Q.60.What type of compounds are generally not suitable for kjeldahlisation?

Ans. Compounds containing nitrogen in the form of nitro groups (-NO2) are generally not suitable for Kjeldahlisation.

 

SHORT QESTIONS ANSWER

Q.1.What is vital force theory why was it discarded?

Ans. The vital force theory was a historical concept that proposed organic compounds could only be synthesized from living organisms due to a vital force unique to living matter. It was discarded because Friedrich Wöhler's synthesis of urea in 1828 proved that organic compounds could be artificially produced from inorganic substances, disproving the theory and paving the way for modern organic chemistry

Q.2. Explain briefly the term catenation?

Ans. Catenation is the unique property of carbon atoms to form strong covalent bonds with other carbon atoms, leading to the formation of long chains, branched structures, and rings. This characteristic of carbon is fundamental to the diversity and complexity of organic compounds.

Q.3.Catenartion is mainly shown by carbon atom and not much in other elements why?

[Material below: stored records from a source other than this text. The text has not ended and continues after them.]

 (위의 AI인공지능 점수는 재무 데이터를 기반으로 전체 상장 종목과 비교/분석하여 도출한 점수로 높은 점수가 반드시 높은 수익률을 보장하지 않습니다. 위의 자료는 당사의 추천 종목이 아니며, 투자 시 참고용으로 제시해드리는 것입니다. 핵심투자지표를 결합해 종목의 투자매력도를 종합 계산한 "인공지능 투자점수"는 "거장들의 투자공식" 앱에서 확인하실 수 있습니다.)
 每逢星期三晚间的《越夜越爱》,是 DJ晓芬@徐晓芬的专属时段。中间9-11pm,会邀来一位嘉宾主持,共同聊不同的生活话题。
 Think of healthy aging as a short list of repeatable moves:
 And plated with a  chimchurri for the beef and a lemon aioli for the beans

Ans. Catenation is mainly shown by carbon atoms and not as much by other elements due to the following reasons:

Carbon's electron configuration: Carbon has four valence electrons in its outermost shell, allowing it to form strong covalent bonds with other carbon atoms and other elements, resulting in a variety of stable structures.

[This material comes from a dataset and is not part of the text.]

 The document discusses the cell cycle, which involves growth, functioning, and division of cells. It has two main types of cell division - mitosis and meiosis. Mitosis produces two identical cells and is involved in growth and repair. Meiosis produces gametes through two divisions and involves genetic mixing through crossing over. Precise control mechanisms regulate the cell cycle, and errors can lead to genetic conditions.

Bond strength: Carbon-carbon bonds are relatively strong, allowing carbon atoms to form stable chains and rings, even at high temperatures.

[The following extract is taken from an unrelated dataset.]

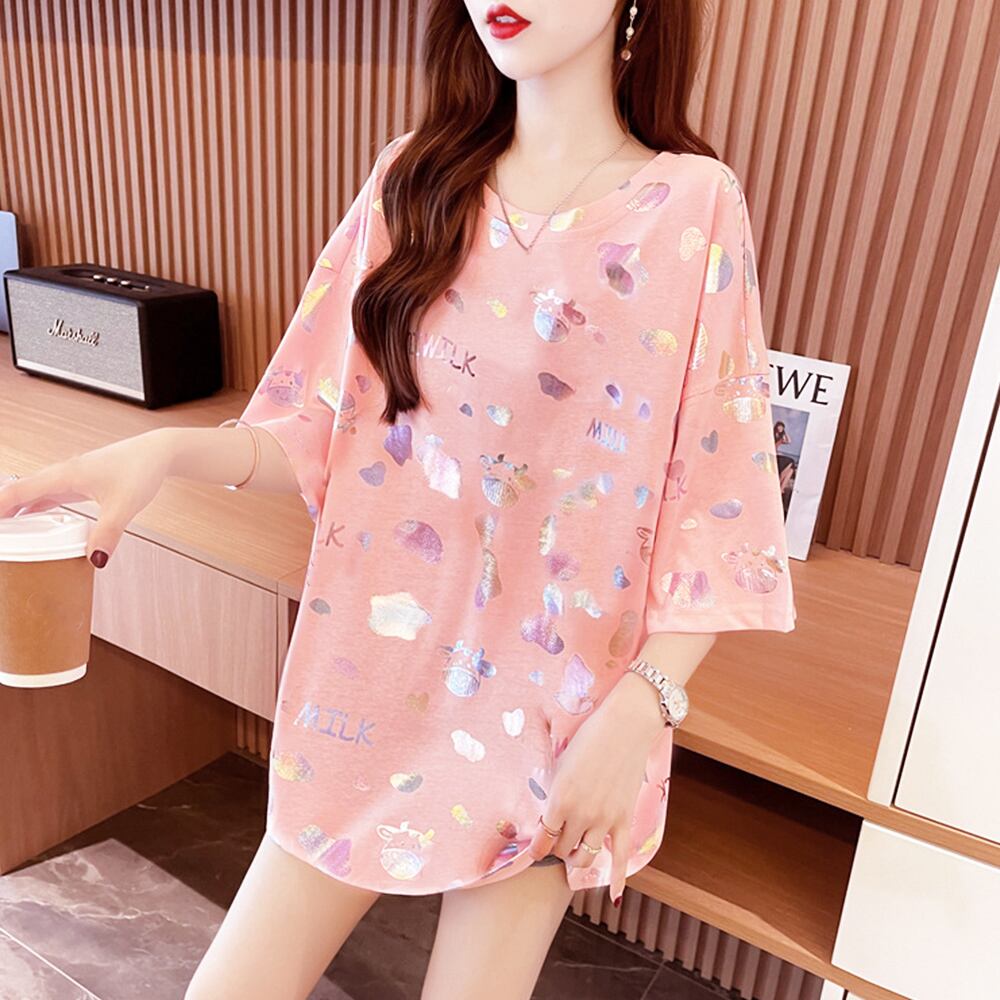 英字ロゴ オーロラホログラムTシャツ オーバーサイズ おしゃれゆったり ビッグtシャツ オルチャン韓国 ロングtシャツ

Small atomic size: Carbon has a small atomic size, which allows for close packing and efficient overlap of orbitals, facilitating the formation of stable covalent bonds.

Versatility: Carbon can form single, double, and triple bonds with other carbon atoms, leading to a wide range of structures and functional groups in organic compounds.

In contrast, other elements may have different electron configurations, larger atomic sizes, and weaker bond strengths, making them less suitable for extensive catenation. These factors limit their ability to form long chains and diverse structures like carbon.

Q.4.What are hydrocarbons name the different types of hydrocarbons?

Ans. Hydrocarbons are organic compounds consisting of hydrogen and carbon atoms. The main types of hydrocarbons are:

Alkanes: They have single covalent bonds between carbon atoms. General formula: CnH2n+2.

Alkenes: They have at least one double covalent bond between carbon atoms. General formula: CnH2n.

Alkynes: They have at least one triple covalent bond between carbon atoms. General formula: CnH2n-2.

Aromatic hydrocarbons: They contain a cyclic ring structure with alternating single and double bonds, such as benzene.

Hydrocarbons are the building blocks of many organic compounds and are essential in various industrial processes and natural occurrences

Q.5.What are primary secondary tertiary and quarternary carbon atoms?

Ans. Primary, secondary, tertiary, and quaternary carbon atoms are classifications based on the number of carbon atoms bonded to a given carbon atom in an organic compound.

Primary carbon (1°): A carbon atom directly bonded to one other carbon atom.

Secondary carbon (2°): A carbon atom directly bonded to two other carbon atoms.

Tertiary carbon (3°): A carbon atom directly bonded to three other carbon atoms.

Quaternary carbon (4°): A carbon atom directly bonded to four other carbon atoms.

These classifications help describe the carbon's chemical environment and reactivity in a molecule and are important in understanding the reactions and behavior of organic compounds.

Q.6. Write main characteristics of a homologous series?

Ans. Main characteristics of a homologous series are:

Same functional group: All compounds in a homologous series have the same functional group, which imparts similar chemical properties.

Gradation in physical properties: There is a gradual increase in molecular size and mass as one moves from one member of the series to the next, resulting in a predictable pattern of physical properties (e.g., boiling points, melting points).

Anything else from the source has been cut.